Pentafluoroethoxy cyclotriphosphazene FPN-100 for flame-retardant electrolyte
High safety and high environmental adaptability are the basic requirements of lithium-ion power batteries for electrolytes. With the continuous improvement and renewal of electrode materials, the requirements for matching electrolytes are becoming higher and higher. Due to the extremely difficult development of new electrolyte systems, conventional electrolytes with carbonate-based organic solvents and lithium hexafluorophosphate will still be the mainstream choice for power batteries for a long period of time in the future. In view of the above situation, in order to adapt to the development of electrode materials and power batteries for different purposes, a small amount of additives is generally added to the conventional electrolyte to meet specific application requirements. For example, anti-overcharge additives and flame retardant additives can greatly improve the safety performance of the battery under abuse conditions such as overcharge, short circuit, high temperature, needle puncture and thermal shock; adding positive electrode film-forming additives can meet high voltage to a certain extent Charge and discharge requirements of materials.
At present, there are many studies and reports on cyclotriphosphazene compounds. Among them, ethoxypentafluorocyclotriphosphazene (FPN100) has received greater attention. It has excellent flame retardant properties and is suitable for batteries under general conditions. There is almost no impact on performance [1].
As a flame retardant additive for lithium battery electrolytes, FPN100 is already familiar to everyone, but there are few research reports on other functions. Recently, Liu et al. [1] reported that FPN100 is expected to be used as an additive for high-voltage lithium battery electrolytes. For the LiNi0.5Mn1.5O4 battery system, the cycle performance comparison under the conditions of 0.2C and voltage 3.5-4.9V is shown below. The capacity retention rate of the battery system with FPN is significantly better than the system without FPN100.

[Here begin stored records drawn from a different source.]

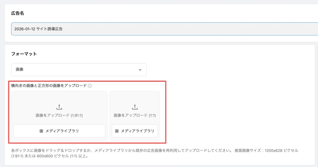 - 本機能のリリース後、広告作成画面の画像・動画アップロード部分に「メディアライブラリ」アイコンが表示されるようになります。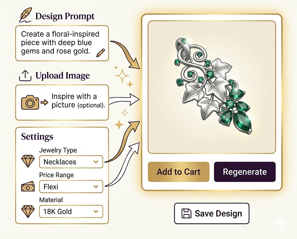 Tell our AI what you envision. Describe materials, styles, and the story behind your piece.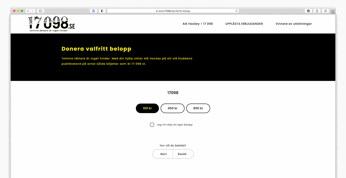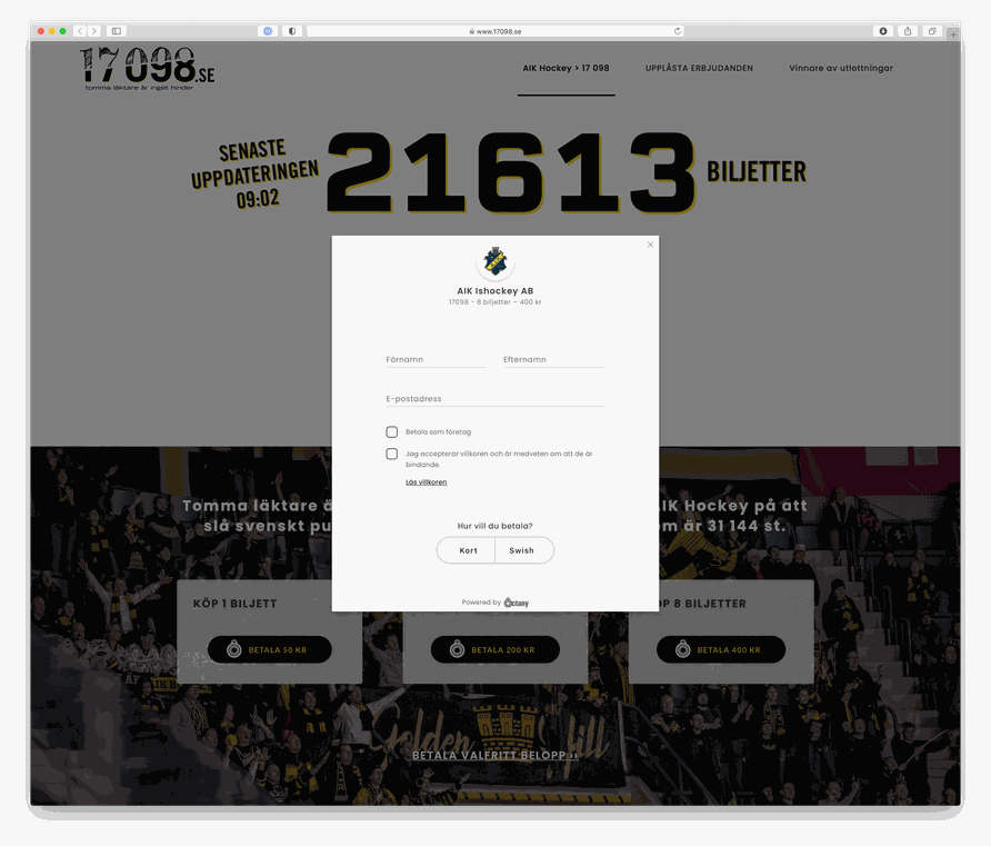 AIK slog under våren sitt gamla klubbrekord från förr som var 17 098 stycken sålda biljetter. Med en webbsida gjord med Snowfire och med Donationsplattformen Octany, så fick alla fans en enkel och snabb möjlighet att bidra direkt med pengar på de sätt (Swish, kort, Autogiro) som de själva valde för att köpa digitala sittplatser som kostade allt från en biljett för 50 kr upp till 400 kr för en gruppbiljett.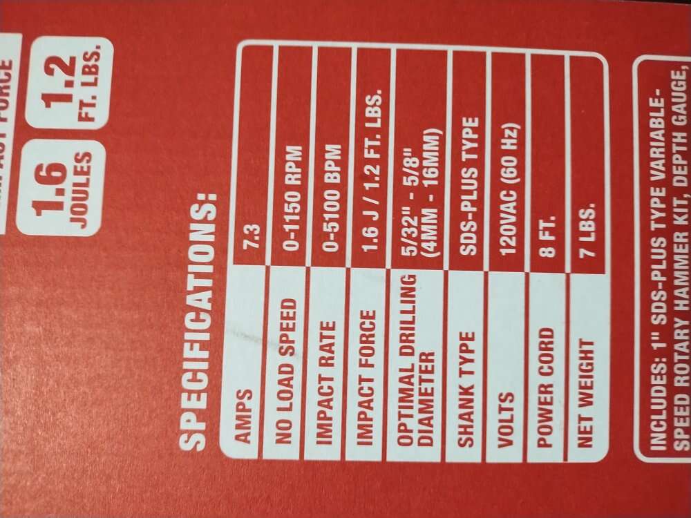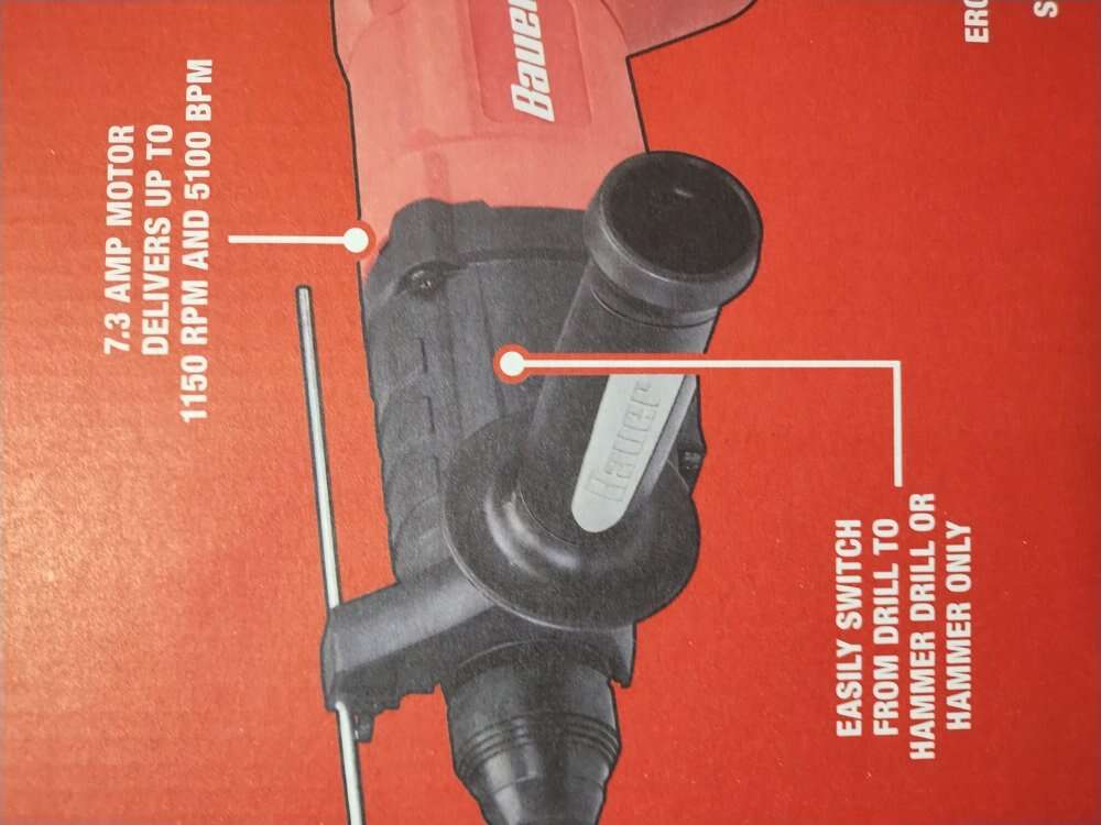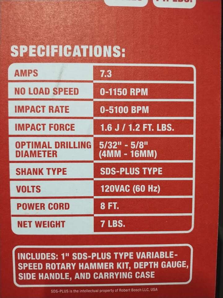 This Variable-Speed Rotary Hammer gives you the power to bore into concrete and masonry or drill into wood with ease. The rotary hammer uses SDS-PLUS type bit retention for easy bit changes.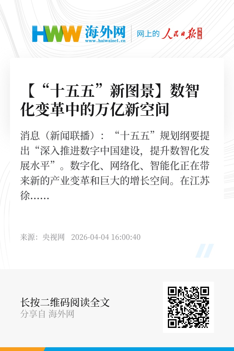 央视网消息(新闻联播):“十五五”规划纲要提出“深入推进数字中国建设,提升数智化发展水平”。数字化、网络化、智能化正在带来新的产业变革和巨大的增长空间。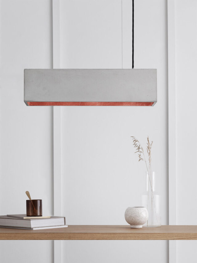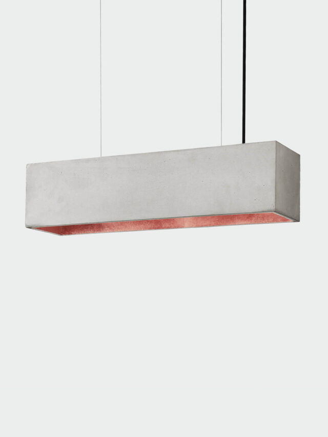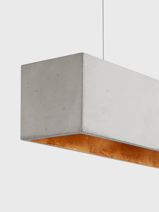 Du willst dir ein cooles Loft-Flair in die Wohnung holen? Mit der Esstischlampe B4 des Labels GANTlights schaffst du das ganz einfach. Ein Mix aus hochwertigem Beton und einer Innenseitenveredelung mit Gold, Silber oder Kupfer lässt auch dein Zuhause im hippen Industrial-Stil erstrahlen. Vielleicht fragst du dich, ob Beton nicht viel zu schwer für deine Zimmerdecke ist. Hier kannst du gerne nachlesen wie das funktioniert mit dem Beton und dem Gewicht. Mit den Maßen 56cm x 14 cm x 14cm eignet sich Esstischlampe B4 zudem besonders gut als Blickfang über einem großen Esstisch oder einer Theke. Durch die veredelten Innenseiten strahlt die Leuchte ein sehr gemütliches Licht aus. Esstischlampe B4 ist also das beste Beispiel für eine gelungene Kombination von kühlem, harten Material mit warmen, sanften Licht.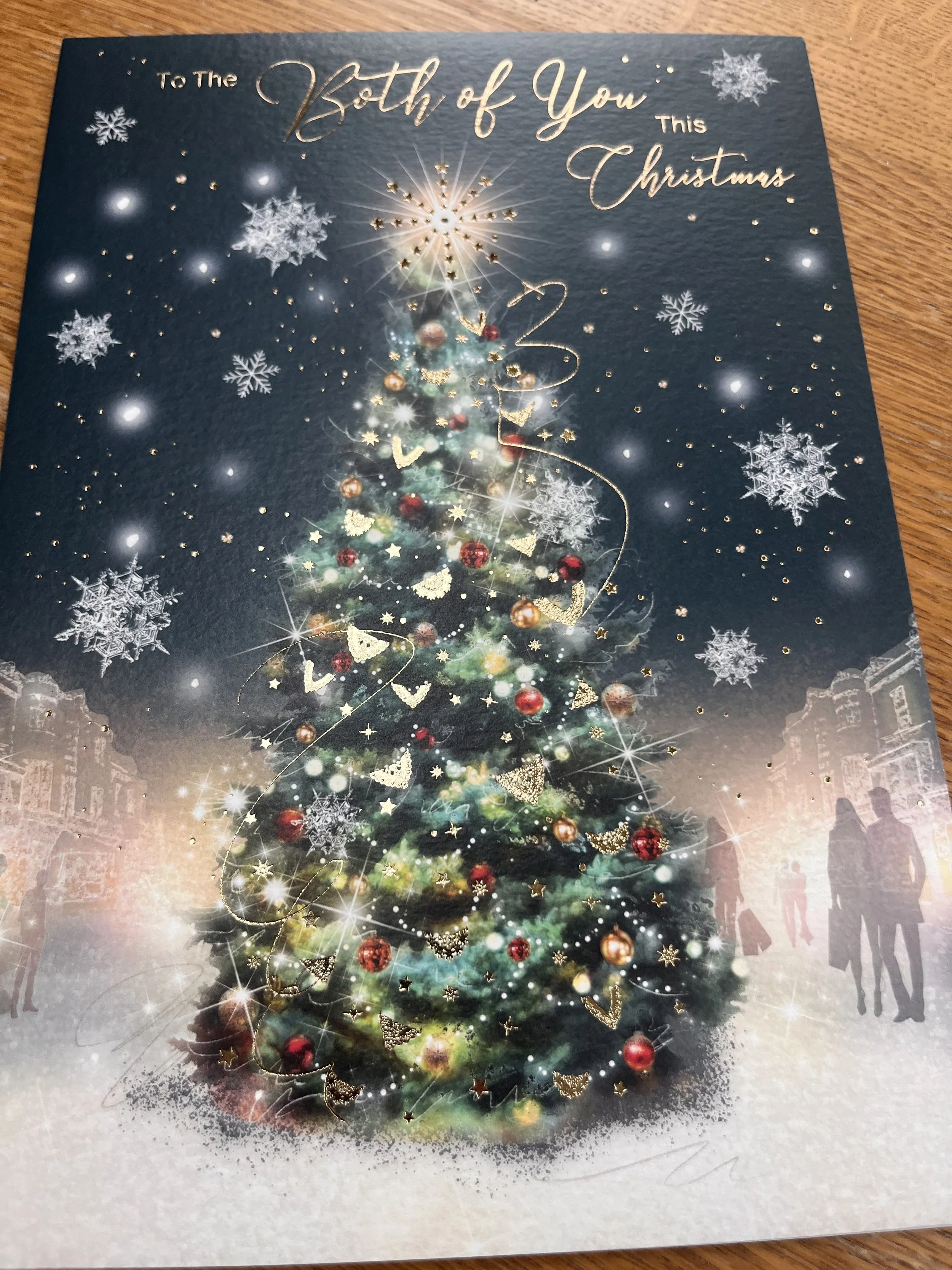 To Both of You Christmas Card features a 3D attachment, shaped edges, effective gold foiling and inside a full colour illustrated insert with verse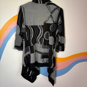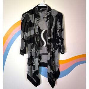 Button up cardigan (snaps) asymmetrical hem, long cardigan, black and gray, geometric pattern, textured knit, layered look, statement jacket, artistic design, 3/4 sleeves, art to wear, bold pattern, knitwear, retro vibes, unique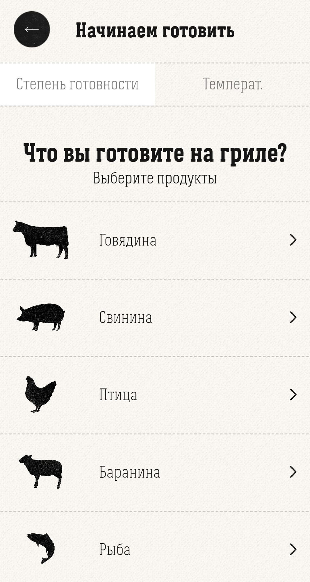 В этот момент мы были очень рады, что приложение для iGrill русифицировано: схемы разделки туш в разных странах различаются, и использование англоязычной версии заставляет порой основательно призадуматься не только о переводе терминов, но и о том, какой именно кусок мяса под тем или иным названием скрывается.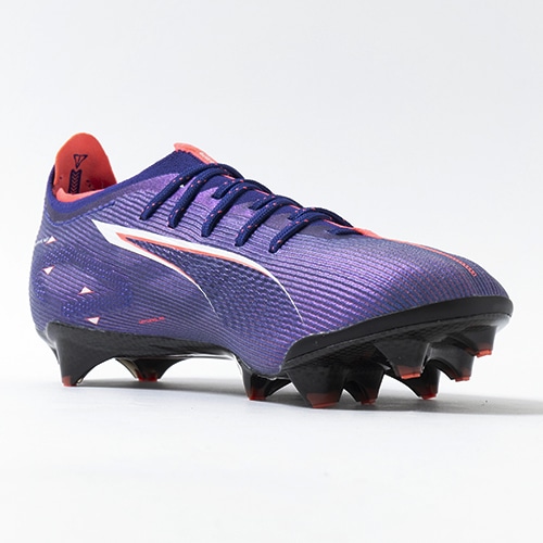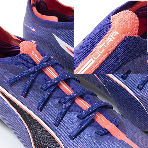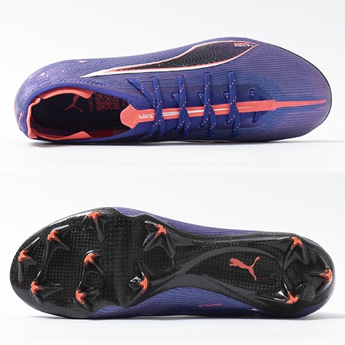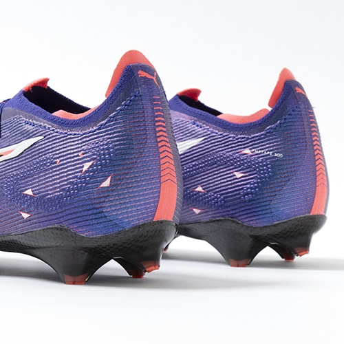 ●『SPEEDSYSTEM』アウトソールは、ULTRAの為に開発されたプーマ独自の新アウトソール。弾力性のあるカーボンファイバー素材を組み合わせて素早い推進力を発揮しています。推進力は前モデルより32%向上しています。学術的な研究から多くのテストを繰り返し開発されたT字型の『FastTrax』スタッドは、加速、ターン、クイックなフェイントに対して、最適な蹴りだしをもたらす。

For the LiNi0.5Mn1.5O4 system with FPN and without FPN electrolyte added, cyclic voltammetry experiments found that the system with 5wt% FPN added has a small oxidation current peak at 3.8V during the first cycle, while in the system without FPN added There is no presence in the system, indicating that FPN has undergone an oxidation reaction, and the oxidation potential of FPN is lower than the decomposition potential of LiPF6-based electrolyte (4.8 V Li+/Li). The above results indicate that FPN molecules have been oxidized on the surface of the positive electrode material to form a protective layer before the electrolyte is decomposed, which inhibits the oxidative decomposition of the electrolyte and improves the high-voltage performance of the positive electrode material.
In summary, in addition to being a flame retardant additive, FPN is also expected to be used as a high-voltage lithium battery electrolyte additive to form a protective layer on the surface of the high-voltage cathode material, inhibit electrolyte decomposition and electrode corrosion, and improve battery cycle stability.